In 1954, the IRS ruled that employers could deduct the full cost of employer-provided health insurance when estimating their corporate income taxes. Thomasson writes,
The tax subsidy increased the amount of health insurance demanded, and extended access to health care. By fostering an increase in the demand for group insurance relative to individual coverage, it also ensured that health insurance in the United States would evolve as a group, employment-based system (p. 1374)
Thus, early health insurance plans, a demand for war workers, and an IRS ruling all helped to shape our dominant health care sector.
Filling in the gaps
Throughout the 1940s and 1950s, there were obvious gaps in the health care system.
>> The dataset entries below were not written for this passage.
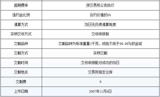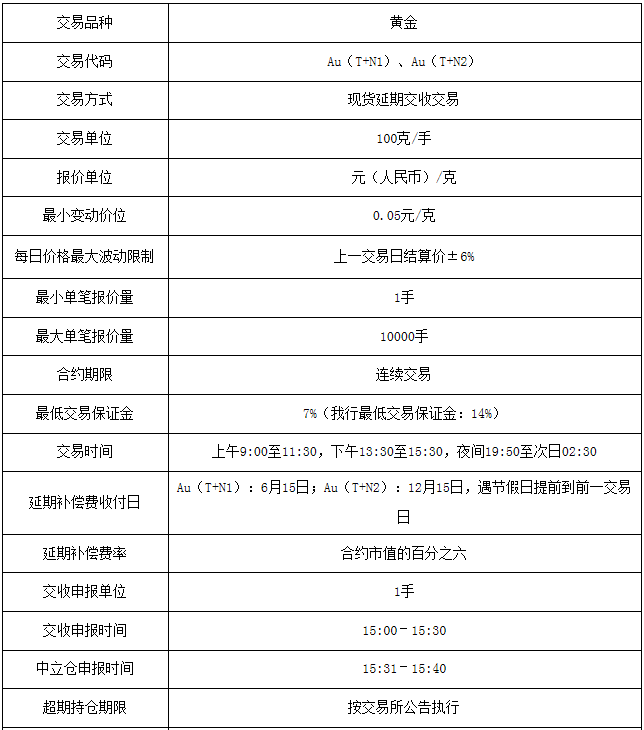 新增T+N黄金延期合约,交易代码分别为Au(T+N1)、Au(T+N2),交易方式为“现货延期交收交易”,合约最小价格变动为0.05元/克,交易单位为100克/手,最小单笔报价量为1手,最大单笔报价量为10000手。Au(T+N1)、Au(T+N2)最小交收申报量均为1手,交割品种为标准重量1千克、成色不低于99.99%的金锭。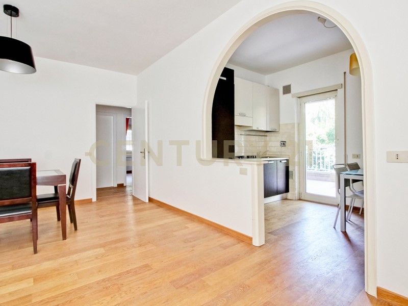 La proprietà viene locata parzialmente arredata (cucina completa, tavolo, armadiature presenti). Completa la soluzione un posto auto coperto, elemento di grande valore nella zona e raro da trovare.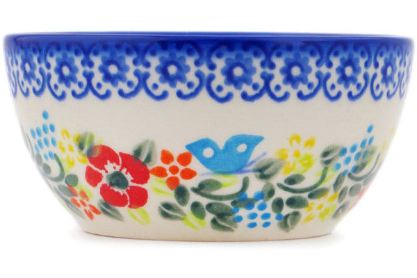 This Polish Pottery 4" Bowl - Ring Of Meadow Flowers is handmade and handpainted by the Ceramika Bona factory in Boleslawiec, Poland.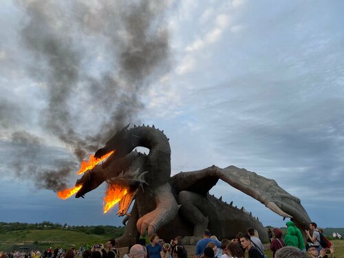 Были семьей в кемпинге с 10 по 12 июня 2023 года. Остались в восторге! Не ленюсь написать отзыв, хотя обычно не делаю этого. Из Москвы доехали за 5 часов с пробками, но это того стоило. Кемпинг отличный, есть душевые с горячей водой. Умывальники только с холодной, было 3 дня +15 днем, поэтому помыться на улице было холодно и руки мыть тоже холодно, но то что есть санузел-это уже огромный плюс. Туалеты относительно чистые, чтобы комфортно их посетить, надо знать когда будут убирать. Есть туалетная бумага и жидкое мыло- это супер! Стоянка машин отдельно от палаток, что тоже плюс, т.к. дети бегают, ползают по лужайкам и взрослые за них не переживают. Вся территория обработана от клещей. На каждом месте есть подиум деревянный, что хорошо, потому что спать не на холодной земле в палатке. Сам парк мы обошли за 2 дня. Отличные локации, все чисто. Держать 5га в таком состоянии-респект хозяйке 👌 Прогулки с ламами- любовь детей! Есть сплав на байдарках, комфортный для первого раза. Конные прогулки. Чистые, ухоженные животные, все здоровые, глаз радуется. Обычно очень переживаем за животных в зоопарках, а тут за них прям радовались! Персонал везде приветливый. Сервис как в Европе!!! В ресторане вкусно, доступно, красиво! Горыныч собирает вечерами тысячи людей! Пляж шикарен! В общем вернёмся снова и снова!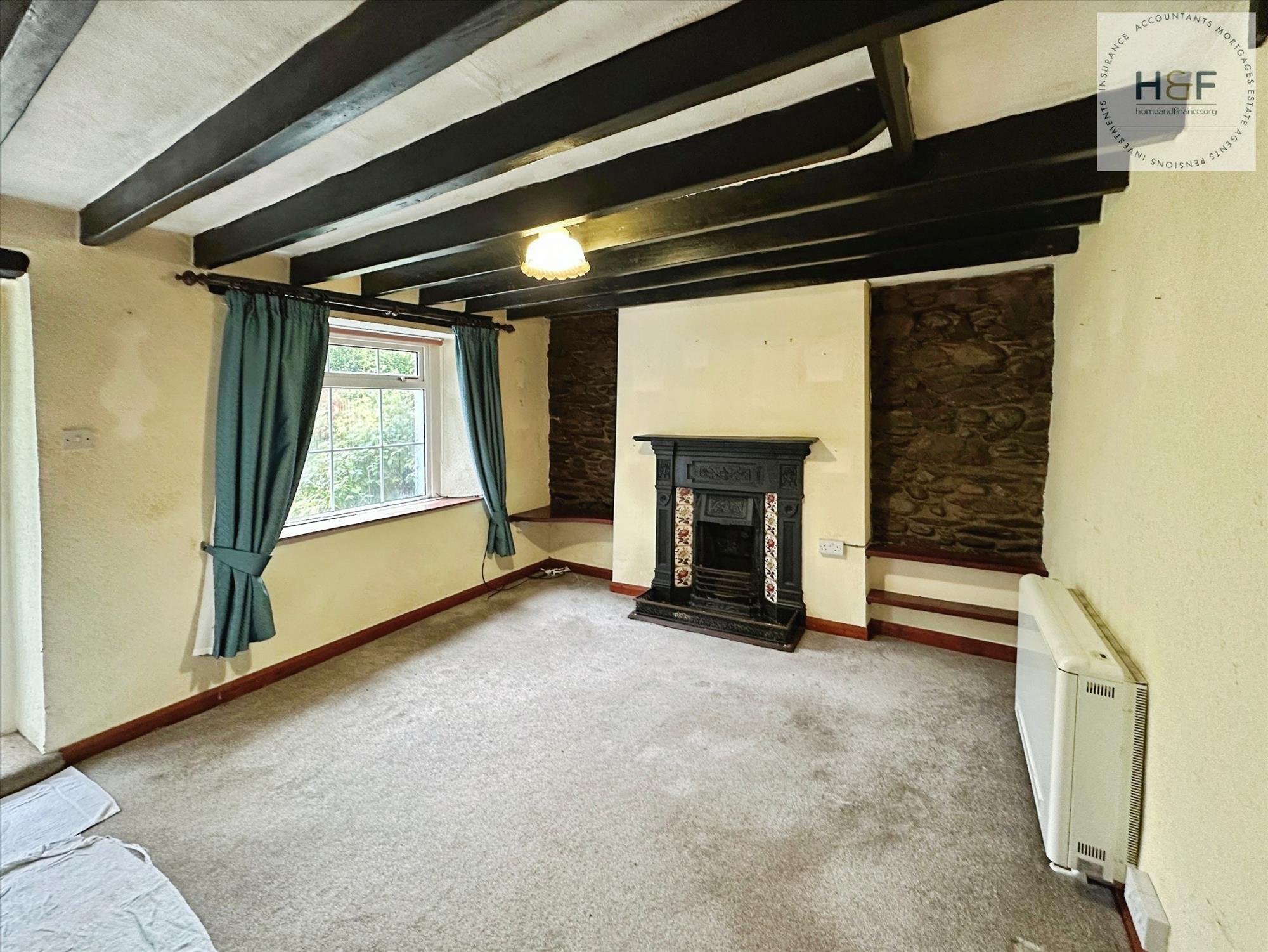 Upvc double glazed window to the front aspect, traditional fireplace with open fire, original beam ceiling, electric storage heater, power and light.

Older Americans often lost their health insurance when they retired; low-income Americans often worked for companies that did not offer health insurance; and unemployed Americans could not afford to purchase their own insurance.
President Truman proposed a solution in 1948: a single-payer health care system for all Americans. Democratic congressmen and senators proposed variations on this idea, with a focus on senior citizens and the poor, throughout the 1950s – though none passed.
In 1965, President Johnson succeeded in enacting Medicare and Medicaid to cover seniors and low-income Americans. These single-payer systems supplemented, but did not replace, what already existed.
The Affordable Care Act and lessons for the future
President Obama followed this well-worn path of working with existing systems rather than bulldozing the whole works when he proposed what became the Affordable Care Act. The ACA sweetened the incentives for companies to provide health insurance, expanded Medicaid, and created state-level insurance markets so that individuals (and small businesses) in the YOYO system could purchase health insurance. Additionally, the ACA mandated that everyone be part of one of these systems in order to help maintain its economic solvency. The ACA did not mandate which system a person must join, only that every American had to choose one of them.
Today’s health care system, including the ACA, is the result of a path dependent process. No single entity planned or created it. However, people and institutions are now accustomed to these systems. They have made important decisions based on these particular systems being in place, for example, changing jobs or moving to another state.
Furthermore, many Amercans now see certain health standards as basic rights, such as coverage availability without regard to pre-existing conditions, keeping their children on their plans until age 26, and a variety of other benefits enacted under the ACA. It’s therefore not surprising that those who oppose the ACA and want to eliminate it are having a tough time.
In other words, to understand our health care debates, and public policy more generally, we need to start from an important premise: history matters.